What pushed crude above $100
A sharp jump in oil prices has been driven by a real and growing shortfall of accessible supply as fighting around the Strait of Hormuz and targeted attacks on energy infrastructure make the route and some export hubs unsafe. Markets reacted to three linked developments:
- Shipping disruption: Iran’s effective closure and attacks around the Strait of Hormuz have stranded tankers and halted regular traffic through the waterway that carries a large share of global seaborne oil.
- Strikes on export hubs: U.S. and Israeli strikes — including operations that the Pentagon said struck Kharg Island, Iran’s major oil export terminal — and drone attacks on facilities such as Fujairah and a Dubai airport fuel depot have damaged handling and storage capacity.
- Market psychology and trading flows: Traders priced in the risk of prolonged disruption, pushing Brent and U.S. crude sharply higher as global spare capacity and inventories tightened.
Why it matters for the United States
- Consumers are already feeling the effects at the pump; U.S. gasoline prices have jumped sharply since the conflict began.

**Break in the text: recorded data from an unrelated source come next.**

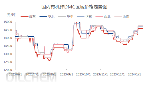 據(jù)悉,本輪有機(jī)硅DMC漲價(jià)始于合盛硅業(yè)(603260.SH)率先將DMC價(jià)格上調(diào)300元/噸,進(jìn)而引發(fā)主要廠商跟漲。“1月6號(hào)突然進(jìn)行了提價(jià),上漲300元/噸,打破了該廠家價(jià)格上持久的安靜,其他廠商開始限量惜售,整個(gè)市場上現(xiàn)貨變得緊張,恐慌情緒下引發(fā)了下游集中補(bǔ)庫。從現(xiàn)在DMC廠商情況來看,在前期的調(diào)度下出貨沒有任何壓力。”隆眾資訊分析師劉昊介紹稱。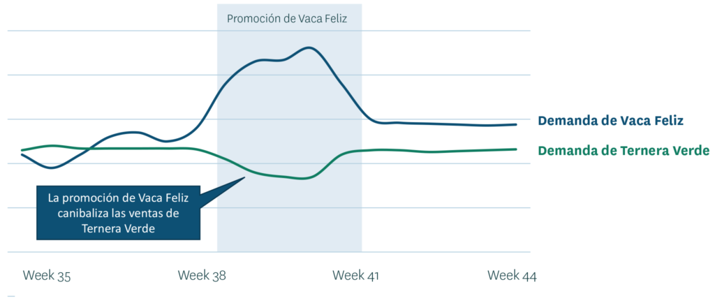 La canibalización de ventas, el fenómeno que hace que el aumento por promoción de un producto cause una disminución en las ventas de otros productos de la misma categoría, es bastante común y también ha de tenerse en cuenta al hacer las previsiones, especialmente para los productos frescos. Por ejemplo, si un supermercado tiene dos marcas de carne de ternera picada orgánica – Vaca Feliz y La Ternera Verde – debería esperar que una promoción del producto Vaca Feliz haga que la compre más gente. Pero como resultado, parte de la demanda de La Ternera Verde se irá a Vaca Feliz. Si el pronóstico de demanda de los productos Ternera Verde no se reduce con precisión, el retailer tiene un gran riesgo de sobre stock que finalmente acabará en mermas..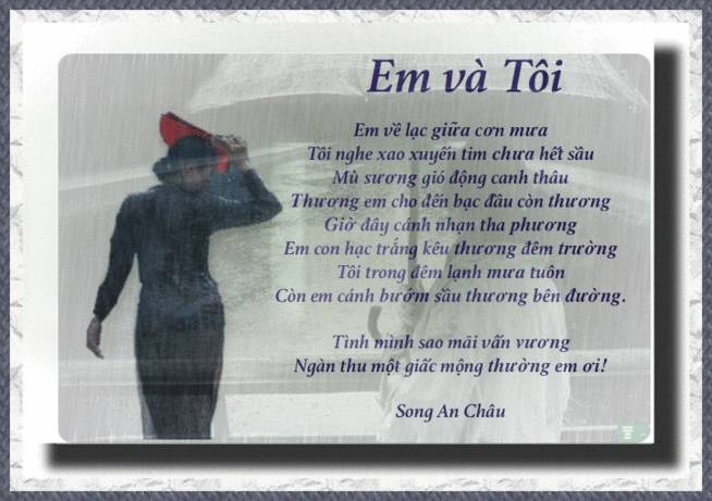 Khung thơ tranh được trình bày mỹ thuật bằng sự lấp ghép hình khéo, đưa người thưởng ngoạn cảm nhận được nét hài hòa của khung tranh thơ khi cô em chia tay trong cơn mưa,hòa với dòng thơ trử tình và lãng mạng duyên dáng: "Thương em cho đến bạc đầu còn thương" để rồi tác giả quay về với thực tế: "Tình mình sao mãi vấn vương Ngàn thu một giấc mộng thường em ơi !". Trân trọng chào. Hùng Trần.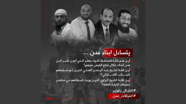 انطلقت الخميس حملة الكترونية شعبية، للمطالبة بالتحقيق في جرائم الاغتيالات المستمرة، التي أودت بحياة العشرات من الأبرياء في العاصمة المؤقتة عدن خلال السنوات الأخيرة.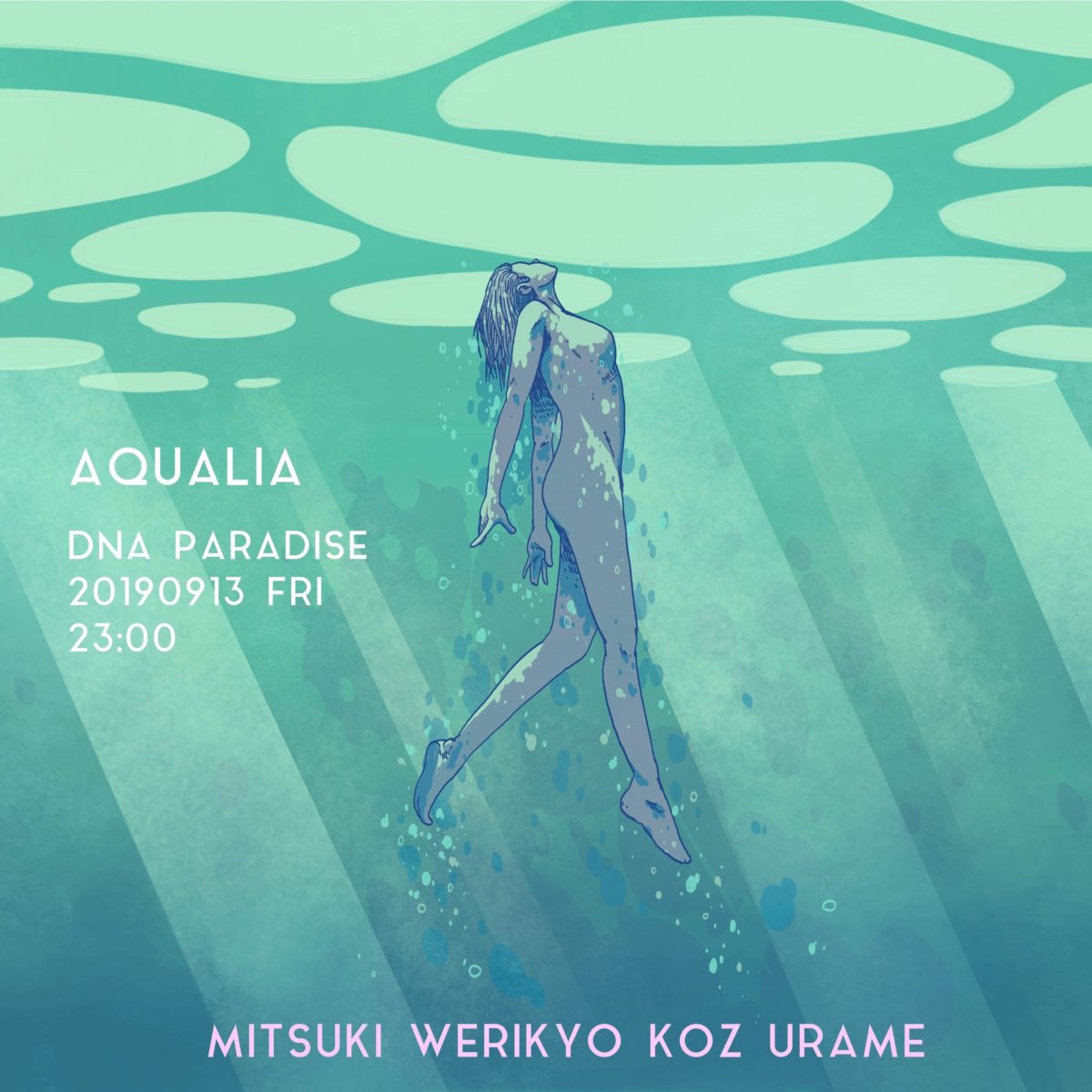 AQUALIA イベント詳細 日付: 9月-13-19 23:00 – 14-19 05:00 カテゴリ: crossover, deep house, Techno 2019.09.13(fri) AQUALIA DNA Paradise music charge 1000yen 22:00 Mitsuki((mole music)) Werikyo (from Kobe) Koz Urame Deep House.Crossover.Techno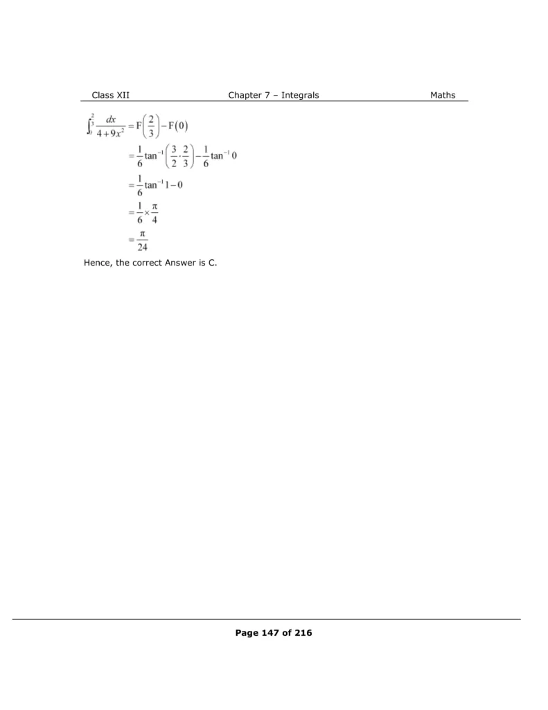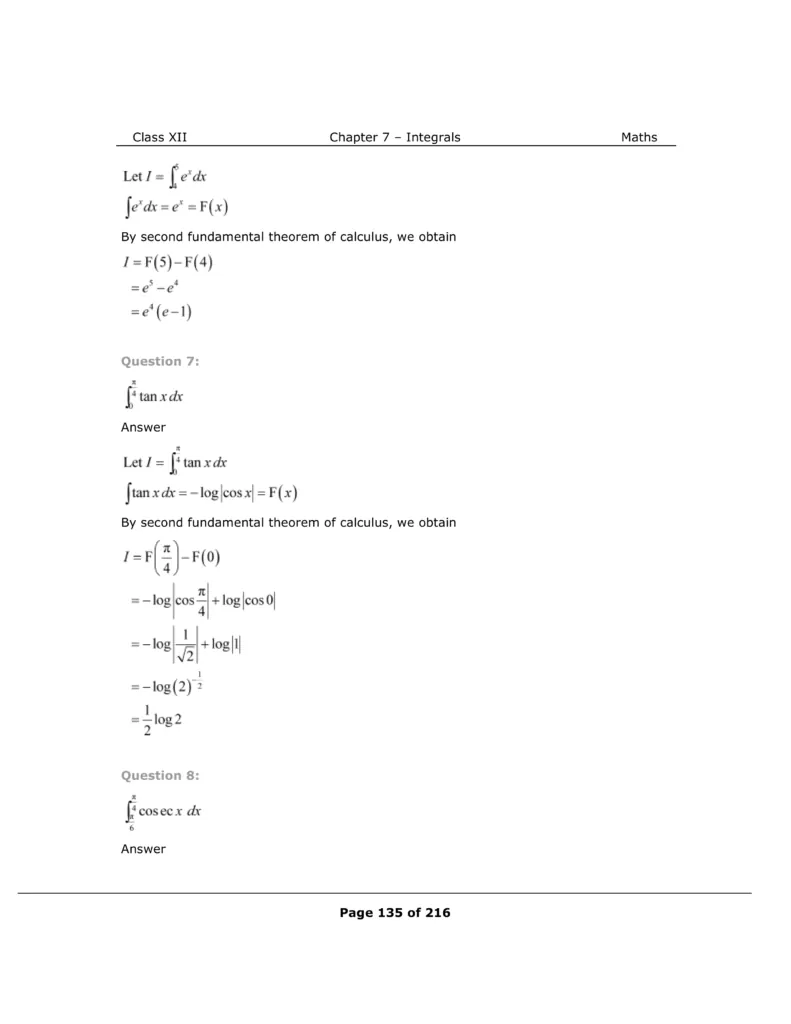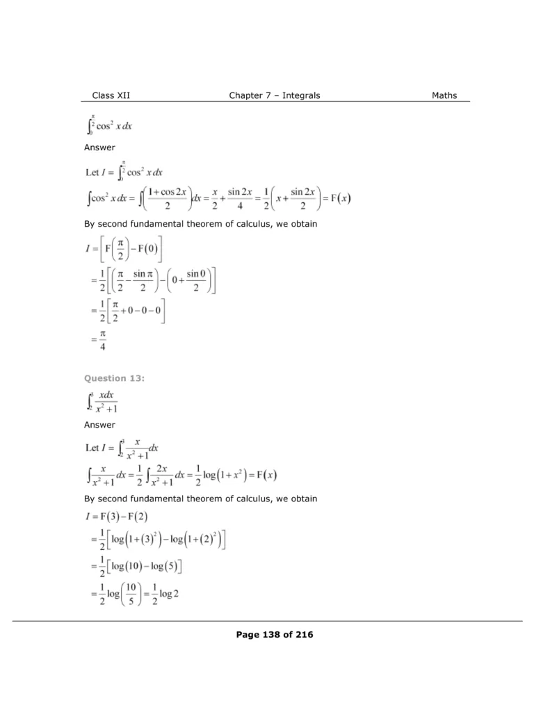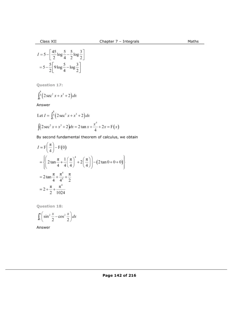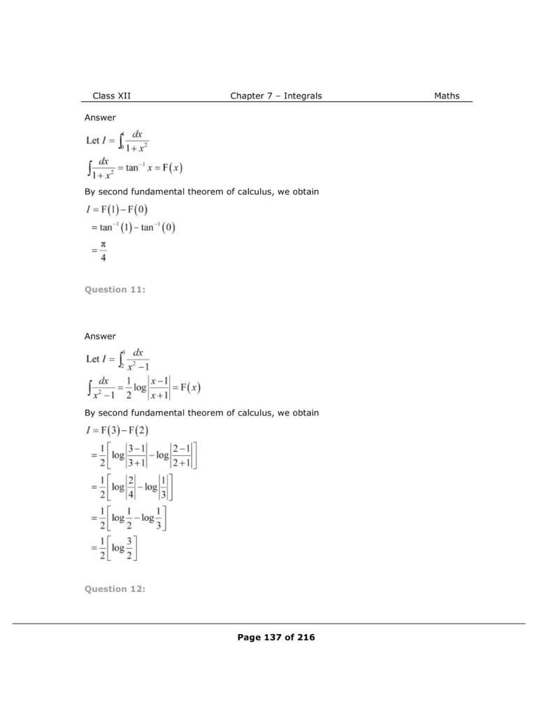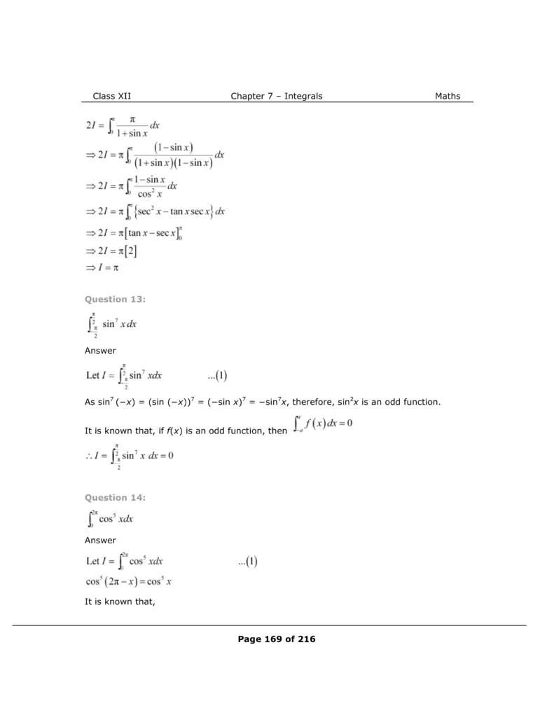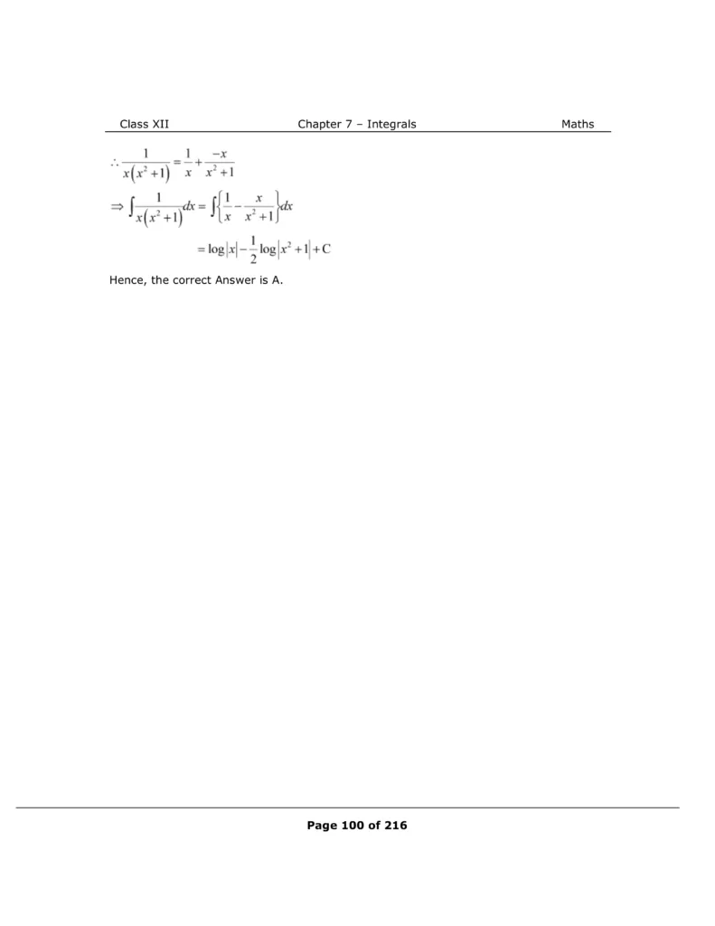 Download The PDF of NCERT Solutions for Class 12 Maths Chapter 7 "Integrals"

- The surge complicates monetary policy: higher energy costs increase inflationary pressure, narrowing room for the Federal Reserve to cut interest rates.
- Policymakers are using non-market tools — emergency reserve releases and diplomatic outreach to major consumers and producers — while energy executives warn the crunch could worsen if the strait remains blocked.
The price spike reflects both physical damage to oil infrastructure and investors’ fear the disruptions could persist — a combination that keeps energy markets volatile until shipping and export capacity are secured.